Schools for undocumented migrant workers
The same principles govern Glocal Action’s effort to provide assistance to elementary schools for the children of Myanmar migrant workers in Mae Sot. Sam Lai explains that because of political turmoil and a difficult economic environment in Myanmar, every year large numbers of workers from Myanmar move to the Mae Sot area to look for work opportunities.
Without resident visas, these workers from Myanmar must provide their own schools to educate their children. According to the Burmese Migrant Workers’ Education Committee (BMWEC), Mae Sot once had as many as 70–80 elementary schools devoted to teaching the children of workers from Myanmar.

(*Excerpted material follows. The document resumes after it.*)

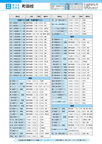 時限時間1・2限3・4限5・6限9:00〜10:30・10:50〜12:2013:20〜14:50・15:10〜16:4017:00〜18:30・18:50〜20:20▶同一名称の講座は設置校舎・設置期間・授業時間(時限)が異なっても同一内容です。▶担当講師は変更になる場合がありますので、あらかじめご了承ください。高3生高卒生直前講習対面授業受講開始の4日前2024/2/11(日・祝)申込期限映像授業・オンライン授業町田校講座名日程時限講師名講座名日程時限講師名共通テスト対策/本番突破テスト共通テスト本番突破英語テスト(リーディング)映像)視聴可能期間:1/5(金)〜2/29(木)共通テスト本番突破英語テスト(リスニング)映像)視聴可能期間:1/5(金)〜2/29(木)清川安井青山・立教・学習院大英語テスト1/24(水)・1/25(木)3・4近藤明治・中央・法政大英語テスト1/17(水)・1/18(木)1・2天倉1/22(月)・1/23(火)3・4大島共通テスト本番突破数学ⅠAテスト(映像)視聴可能期間:1/5(金)〜2/29(木)高梨(由)ファイナル国公立大英語テスト1/26(金)・1/27(土)1・2中園共通テスト本番突破数学ⅡBテスト(映像)視聴可能期間:1/5(金)〜2/29(木)高梨(由)ファイナル私大英語テスト1/22(月)・1/23(火)1・2大島共通テスト本番突破国語テスト(映像)視聴可能期間:1/5(金)〜2/29(木)松藤・阿部(順)・伊藤(恭)私大英語最終チェック1/22(月)・1/23(火)5・6伊集院共通テスト本番突破物理テスト(映像)視聴可能期間:1/5(金)〜2/29(木)共通テスト本番突破物理基礎テスト(映像)視聴可能期間:1/5(金)〜2/29(木)共通テスト本番突破化学テスト(映像)視聴可能期間:1/5(金)〜2/29(木)共通テスト本番突破化学基礎テスト(映像)視聴可能期間:1/5(金)〜2/29(木)共通テスト本番突破生物テスト(映像)視聴可能期間:1/5(金)〜2/29(木)共通テスト本番突破生物基礎テスト(映像)視聴可能期間:1/5(金)〜2/29(木)共通テスト本番突破地学テスト(映像)視聴可能期間:1/5(金)〜2/29(木)共通テスト本番突破地学基礎テスト(映像)視聴可能期間:1/5(金)〜2/29(木)共通テスト本番突破日本史Bテスト(映像)視聴可能期間:1/5(金)〜2/29(木)加藤加藤岡島岡島三浦三浦田島前田大内数学東大理類数学テスト1/26(金)・1/27(土)1・2香坂東大理類数学テスト(映像)視聴可能期間:1/17(水)〜2/29(木)刈谷東大文類数学テスト1/24(水)・1/25(木)1・2吉崎東大文類数学テスト(映像)視聴可能期間:1/17(水)〜2/29(木)京大理系数学テスト(映像)視聴可能期間:1/17(水)〜2/29(木)京大文系数学テスト(映像)視聴可能期間:1/17(水)〜2/29(木)岡田西浦藤野東工大数学テスト1/26(金)・1/27(土)3・4香坂東工大数学テスト(映像)視聴可能期間:1/17(水)〜2/29(木)香坂共通テスト本番突破世界史Bテスト(映像)視聴可能期間:1/5(金)〜2/29(木)坂本(新)一橋大数学テスト1/19(金)・1/20(土)1・2伊東(敦)共通テスト本番突破地理Bテスト(映像)視聴可能期間:1/5(金)〜2/29(木)中井一橋大数学テスト(映像)視聴可能期間:1/17(水)〜2/29(木)飯田共通テスト本番突破現代社会テスト(映像)視聴可能期間:1/5(金)〜2/29(木)平尾(則)北大理系数学テスト(映像)視聴可能期間:1/17(水)〜2/29(木)共通テスト本番突破政治・経済テスト(映像)視聴可能期間:1/5(金)〜2/29(木)平尾(則)東北大理系数学テスト(映像)視聴可能期間:1/17(水)〜2/29(木)共通テスト本番突破倫理テスト(映像)視聴可能期間:1/5(金)〜2/29(木)平尾(則)名大理系数学テスト(映像)視聴可能期間:1/17(水)〜2/29(木)福井木村小田共通テスト本番突破倫理,政治・経済テスト(映像)視聴可能期間:1/5(金)〜2/29(木)平尾(則)阪大理系数学テスト(映像)視聴可能期間:1/17(水)〜2/29(木)瀬戸山英語九大理系数学テスト(映像)視聴可能期間:1/17(水)〜2/29(木)清水東大英語テスト1/22(月)・1/23(火)3・4遠藤東大英語テスト(映像)視聴可能期間:1/17(水)〜2/29(木)高沢横国大理系数学テスト都立大理系数学テスト1/24(水)・1/25(木)1・2竹内1/24(水)・1/25(木)1・2堺東大リスニングインテンシブ(映像)視聴可能期間:1/17(水)〜2/29(木)久恒・マクフィ早慶大理工数学テスト1/22(月)・1/23(火)1・2堺京大英語テスト(映像)視聴可能期間:1/17(水)〜2/29(木)江本慶大ⅠAⅡB数学テスト1/22(月)・1/23(火)5・6吉崎東工大英語テスト1/24(水)・1/25(木)5・6久地東京理科大数学テスト1/19(金)・1/20(土)1・2秋山東工大英語テスト(映像)視聴可能期間:1/17(水)〜2/29(木)仲野ハイレベル医進数学テスト1/22(月)・1/23(火)1・2板谷一橋大英語テスト1/24(水)・1/25(木)1・2近藤ファイナル数学Ⅲ1/24(水)・1/25(木)3・4依田一橋大英語テスト(映像)視聴可能期間:1/17(水)〜2/29(木)新野北大英語テスト(映像)視聴可能期間:1/17(水)〜2/29(木)松山東北大英語テスト(映像)視聴可能期間:1/17(水)〜2/29(木)竹内ファイナル数学ⅠAⅡB1/22(月)・1/23(火)5・6依田1/29(月)・1/30(火)1・2生田国語名大英語テスト(映像)視聴可能期間:1/17(水)〜2/29(木)金井東大国語テスト(映像)視聴可能期間:1/17(水)〜2/29(木)斎藤・藤澤・髙橋(佳)阪大英語テスト(映像)九大英語テスト(映像)視聴可能期間:1/17(水)〜2/29(木)胡摩﨑京大国語テスト(映像)視聴可能期間:1/17(水)〜2/29(木)中崎・松尾視聴可能期間:1/17(水)〜2/29(木)柴田(祐)一橋大国語テスト1/26(金)・1/27(土)5・6伊藤(武)・藤澤・喜久里横国大英語テスト1/24(水)・1/25(木)3・4大胡一橋大

The Green Water Migrant School at the southern edge of Mae Sot is one of the elementary schools Glocal Action sponsors. Winding through the muddy street, you come to a simple one-room adobe-brick schoolhouse next to some fields. Schoolmaster Ko Ko Zaw stands by the door, welcoming his visitors.
Ko is a graduate of the University of Yangon, but in 2005, amid political turmoil in Myanmar and finding it difficult to make ends meet, he decided to cross the border to Thailand to seek employment. In Mae Sot he discovered that quite a few of the children of Myanmar migrant workers weren’t going to school because they couldn’t pay tuition. As a college graduate, Ko deeply understood the importance of an education. Consequently, he quit his job, sought funding, built a simple one-room schoolhouse and began to operate the Green Water Migrant School.
Lai first met Ko Ko Zaw in 2007. Dark-complexioned, lean and small, Ko is a skilled artist with a remarkable ability to capture a person’s image with just a few strokes of a pen. Several times, he surprised and delighted Lai with cartoons he had spontaneously drawn. When Lai returned to Mae Sot in 2015 he was once again surprised and delighted to find that the Green Water Migrant School was still going strong. Lai found his old friend’s perseverance moving. Consequently, the school was one of the first targets of Glocal Action’s support after its founding.
Apart from providing financial help to a number of schools for Myanmar migrant workers’ children, Glocal Action has also worked with BMWEC to sponsor teacher training. Lai explains that most of these schools have poor teachers who lack proper training and certification. Their professional expertise comes entirely from experience and self study.
Consequently, Glocal Action and the BMWEC have promoted teacher training programs. In June of 2015 they sponsored teacher training workshops, attracting some teachers from Myanmar to cross the border just to enroll in the program.
A migrant worker father from Myanmar in Thailand attentively watches his child doing schoolwork.